2) The '07 at any rate came with a bunch of plastic adapters to hold various types of iPods. When I first got mine, it took a bit of work to get an adatper that would properly fit a 2nd generation Nano. Since then, through various weird circumstances, I've come to own a 3rd generation Nano and an iPod Touch. I'm wondering if the '08 perhaps comes with adapters that fit one or both of these iPod models. Anyone know?


----------



## mark_d_drake (Aug 17, 2006)

*Re: (dpawson)*

The adaptor is identical. Don't know about support brackets for later model IPods...


----------



## jgermuga (Jan 11, 2007)

I just installed a factory spec adapter last night. A couple of observations.
1. The new iPhone 3G won't charge. Does charge with my wifes 1G iPhone though.
2. After plugging it in, the phone screen goes all white and displays "Ipod Adapter" and you lose all ability to change tracks, or even see what's playing on the phone screen.
3. It appears to bypass the glove box input jack, as I can not longer get the head unit to switch over to recongize the input. Instead it displays the CD info as those of you who have used it know, it is a quasi representation of the playlists.
4. There's quite a bit of delay when changing play lists. Not sure why but it is annoying, especially since the current tune keeps playing until it figures out what to do. So you are never quite sure you fully depressed the button, ie, very high latency in UI feedback.
5. You CAN change tracks using the tuning knob in addition to the seek up/down.
6. Volume on the 3G is much lower than the 1G. Not sure why. I have fiddled with both phone settings (limit volume, etc) to no avail and no conclusion on why they are drastically different.
So after all this, I did a bit of searching in the other VW forums and see there are quite a few aftermarket choices which rectify many of these problems.
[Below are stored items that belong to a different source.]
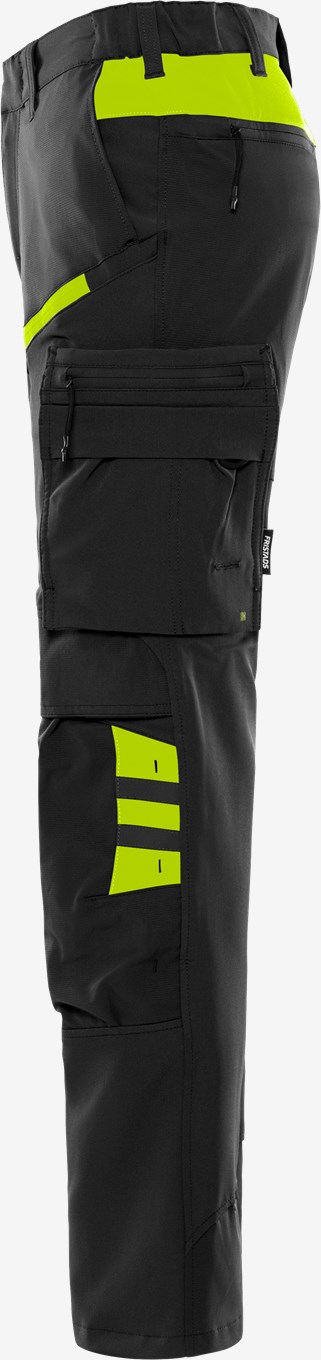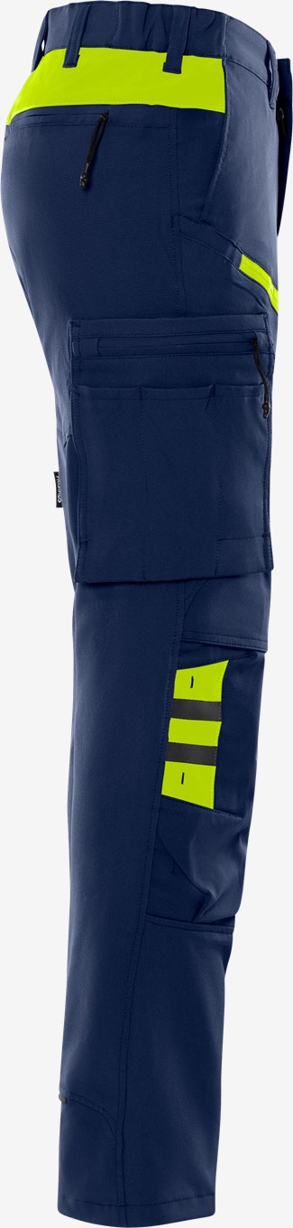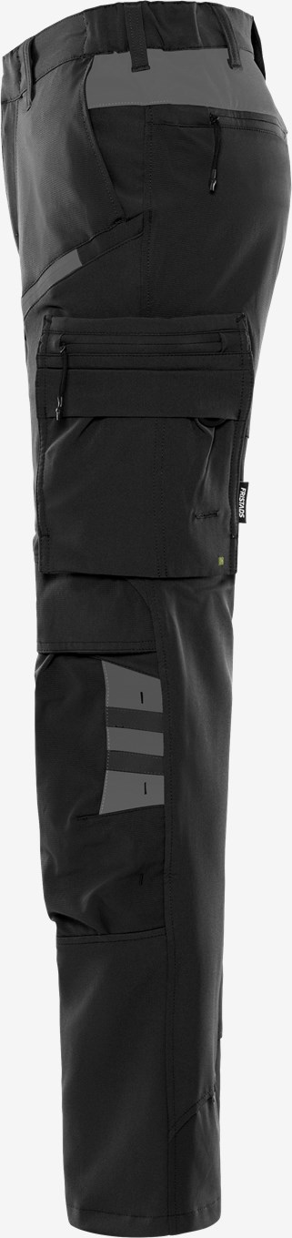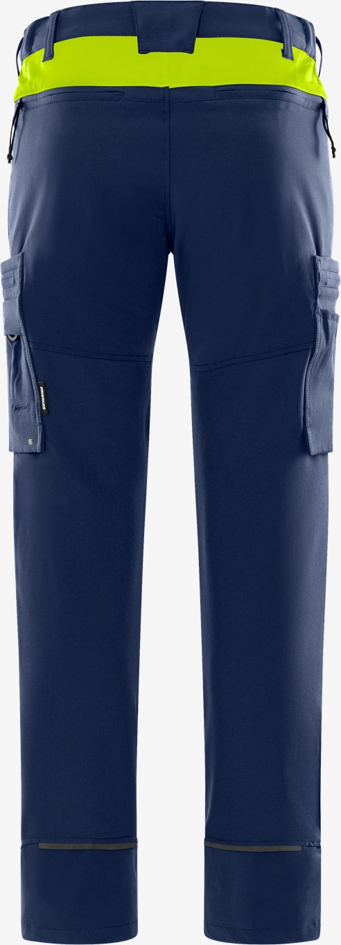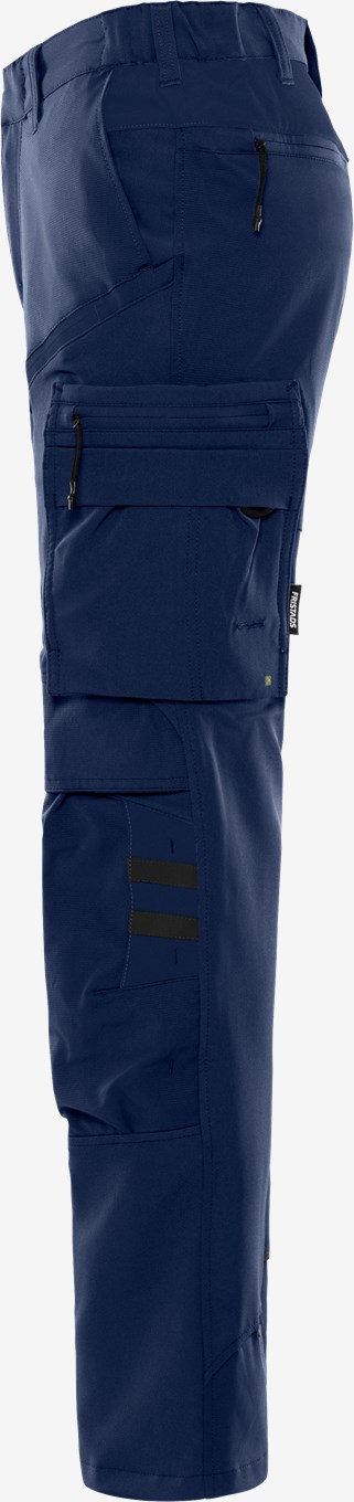 Mukavat ja kevyet työhousut, jotka on valmistettu neljään suuntaan joustavasta materiaalista ripstop-vahvikkeilla. Toimiva muotoilu, joka sopii sekä rakennusalan että palvelualan työntekijöille. Värit 544 Navysininen ja 940 Musta on valmistettu kierrätetystä polyesteristä ja elastaanista. Muut värit ovat siirtymässä kohti kestävämpää materiaalia. PFAS-vapaa. Konsepti: Skarup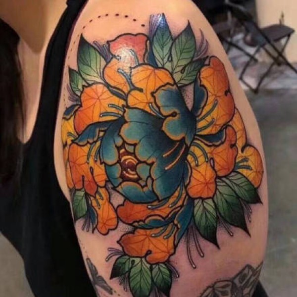 纹身小牡丹 黑色调却不失华贵的牡丹纹身图案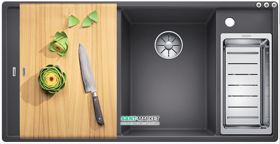 Мойка для кухни прямоугольная BLANCO Axia III 6 S-F SILGRANIT® темная скала 523484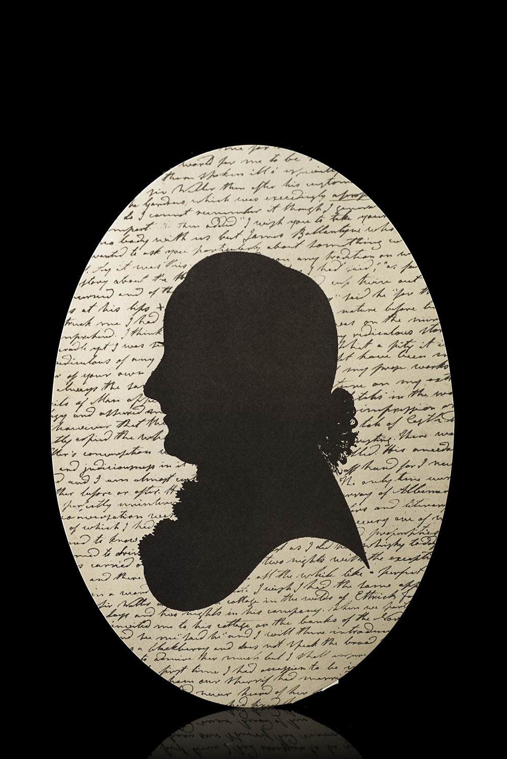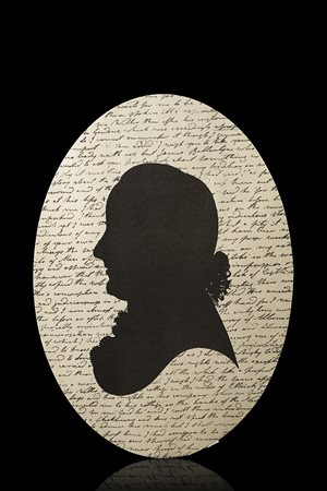 Silhouette su carta ovale (cm 16,5x11) In cornice in legno ebanizzato
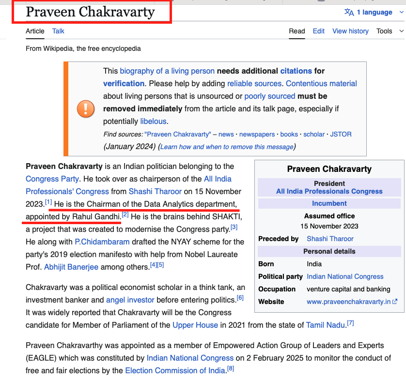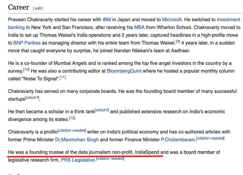 6. Later, she has also worked with the deep state-funded OCCRP and for another outfit, IndiaSpend, where Praveen Chakravarty, the Chairman of the Data Analytics department (which has played a role in preparing Rahul Gandhi’s PPT), was a founding trustee! What a collaboration!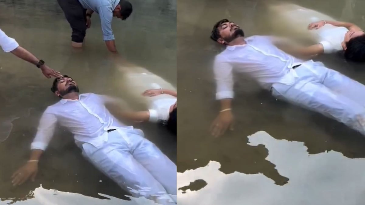 A recent viral video has captured this shift perfectly. The clip shows a couple lying motionless in shallow water, eyes closed, as photographers carefully adjust their positioning to get the “perfect” shot. The surreal setup has left the internet both amused and confused, sparking a wave of reactions across social media.

Enfig, in particular, carries at least 3 manufacturers with variations in how they work in conjuntion with the CD changer/ SAT Radio capabilities. A couple even have better text display of track info, although I am not certain this can be had while also using Sta Radio, and some you can fine tune volume control specifically for the iPod input.
I hope to get a different one soon, but apparently the charging issue is something that needs to be updated for the latest iPhone. Something about no longer supporting firewire charging. I have seen some posts and it appears it is fixable, but as of yet, none of the manufacturers have gotten product to market for this change.
Will update when I have more info.
PS - A lot of the aftermarket choices are cheaper than the factory unit too, so if you are a DIYer, you may want to consider this when choosing your options. Just make sure you do some homework first to make sure you prefer the hassle of aftermarket as the configurations seem to be quite varied. There's also one step in the process of the changeover that is not well documented, at least in the factory manual. I was about to give up on it, when finally I fgured out how to get it working. Has to do with pulling the brown wire from the factory harness. Some others have run into this as well and there are some tips for it if you search. I'd try to describe, but witout a picture of the harness, it is hard to explain.


_Modified by jgermuga at 11:49 AM 8-5-2008_


----------



## mark_d_drake (Aug 17, 2006)

*Re: (jgermuga)*

I'll hopefully provide an update on what the RNS510 offers for a 2007 MY EOS before the end of year..


----------



## chocoholic_too (Jan 2, 2007)

*Re: (jgermuga)*

I have the center console ipod adapter and I recently got the iPhone 3G.I noticed the same thing about not charging. Also another thing is the iPhone 3G won't fit down into the slot at all. It is too wide. 
The only reason I was able to connect it at all was because I had bought a cable dock extender for my 80 gig ipod last year. ( I had it in one of those evo skins and didn't want to pull it out of there all the time.)


----------